For over 2 weeks now, long petrol queues have been experienced across cities. Citizens have been made to spend longer hours at petrol stations. Not only that, every business in Nigeria depends solely on petrol as movement of goods is essential. The oil marketers have taken advantage of the scarcity, dispensing petrol above the official prices. Once people buy fuel more than the required price, the prices of their goods go up. And never forget that what goes up in the country will never come down. Despite assurances from the authorities, the scarcity has persisted, worsening the economic situation in the country.
In many states, petrol is sold between N880 and N1000 per litre. In some places, it sells for above N1,000/l. Despite the high price, there are still unending queues while the few NNPC station selling at the normal price have lengthy queues. The pain is too much on innocent citizens.
The silence from the government and lack of will to take the bull by the horn is inappropriate. The NNPC initially blamed transhipment for fuel scarcity and accused citizens of panic buying, saying it had 1.5 billion litres in stock. The scarcity persisted in Lagos with long queues while those without queues sells above 1,000 naira per litre.

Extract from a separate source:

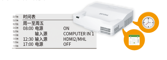 根据预先在菜单中设定的日程表,投影机可自动开、关机及切换信号源等,轻松实现管理智能化。

The main idea behind removal of the petrol subsidy is a shift towards market-driven pricing but the reverse is the case in Nigeria. Subsidy removal could interest private investment in the downstream sector but in Nigeria, the politics is too high making Aliko Dangote to cry out that government is sabotaging his effort to help Nigerians buy fuel cheaper.
To end fuel queues in Nigeria requires government to be truthful and also ready to offend those who had been feeding fat on oil money. Government needs to employ a comprehensive approach that can end systemic issues in the energy sector.
The embarrassment caused by fuel scarcity shouldn’t be a thing that government will close its eye to, instead, it should get rid of the oil sector thieves and people sabotaging its effort. An embarrassment to the country is an embarrassment to all its citizens. It is high time we dealt with this serial monster.